Quando questionado acerca do teor da sua escola sufi, Bayazid replicou: “apenas sigo a tradição divina”. A sua mensagem alicerçava-se na “renúncia das actividades mundanas” e a “iminência do dia da ressurreição”. Não deixa de ser estranho, por isso, a hostilidade de Monserrate ao afirmar que “se os príncipes vizinhos não tivessem o cuidado de o destruir”, este [Bayazid] poderia ter causado problemas a todas aquelas tribos e até aos próprios mogóis. Para o catalão, os roshaniya não passavam de um “um bando de quatrocentos desesperados e devedores fugitivos”, atraídos pela pilhagem e a revolução, admirando-lhes, porém, a dedicação e fidelidade ao seu chefe. Lembra que após a morte deste, nenhum dos partidários ousaria ocupar o seu lugar, permanecendo, no entanto, obstinados nos seus princípios. Ao inteirarem-se da aproximação das forças de Acbar depressa se renderam, tendo-lhes este garantido “liberdade para seguir a sua religião e costumes, e obedecer e reverenciar o filho do seu profeta”. Sabia o imperador mogol que ao conceder-lhes liberdade mantê-los-ia pacíficos e controlados; ademais, sincrético que era, tão pouco lhe importava a religião seguida pelos seus inúmeros e multiétnicos súbditos.

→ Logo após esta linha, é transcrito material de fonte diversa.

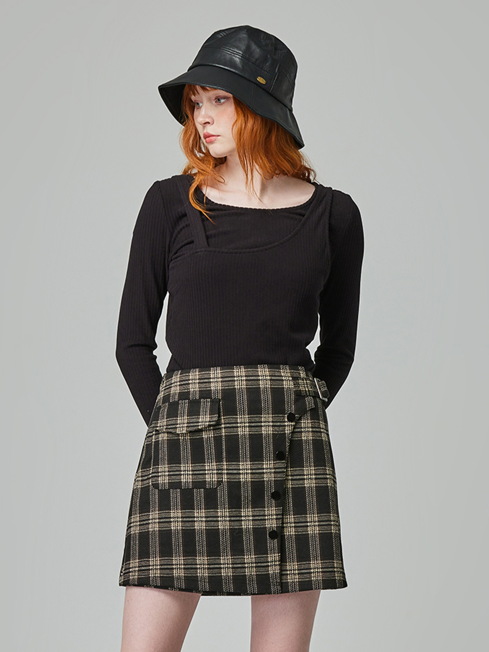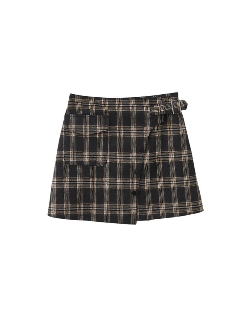 *質感秋季格紋圖案 *斜邊版型造型 *安全褲裡設計 *適合秋季穿搭

António de Monserrate descreve-nos depois Peshawar, “cidadela numa colina, mas não fortificada”. Mirza Hakim mantivera-a algum tempo, mas face à aproximação de Acbar retirara apressadamente para as montanhas. Tivera Peshawar outrora uma população de “dois mil cidadãos comuns, além da guarnição”, mas agora nada mais se via além das cinzas, pois todas as casas haviam sido queimadas. Menciona o nosso sacerdote, nos arredores orientais da urbe, a existência de uma comunidade de iogues semelhante “em crença, modo de vida e vestimenta” àqueles que viviam no “monte de Balnatus”. Denominavam-na os locais “colónia de Gorkhatri”, ou seja, “célula de gurus”, outrora mencionada nos escritos de Babur, avô de Acbar. O fundador do império mogol descreve-a como um dos lugares mais sagrados para os iogues hindus, que vindos de grandes distâncias ali cortavam o cabelo e rapavam a barba. Do seu chefe espiritual se dizia ter sido preceptor de Balnatus e o lugar, tão sagrado era que “Deus, o Criador do Universo, modelara o resto do universo a partir dele”. Também aqui Acbar, “de cabelo solto e com as mãos e os olhos erguidos para o céu”, foi reverenciar o eremita acoitado na sua desconfortável caverna.
Na verdade, houvera ali originalmente um mosteiro (falamos da época de Kanishka, imperador da dinastia Kushan), e ao longo dos Séculos IX e X ali se fizera a aprendizagem do Budismo. Após a passagem de Acbar, a sua neta, Jahanara Begum, acabaria por convertê-lo num caravanserai, ordenando a construção de uma grande mesquita, uma sauna e dois poços de água, “para conveniência dos viajantes”. Os sikhs, depois de o dotarem com um templo dedicado a Shiva, fizeram dele local de residência e sede oficial do mercenário italiano Paolo Avitabile, excêntrico governador de Peshawar de 1838 a 1842. Típico caravanserai da era mogol, Gorkhatri, “complexo fortificado constituído por uma área de 160 por 160 metros quadrados e com dois portões proeminentes”, encontra-se localizado num dos pontos mais altos de Peshawar e é uma das atracções turísticas desta cidade.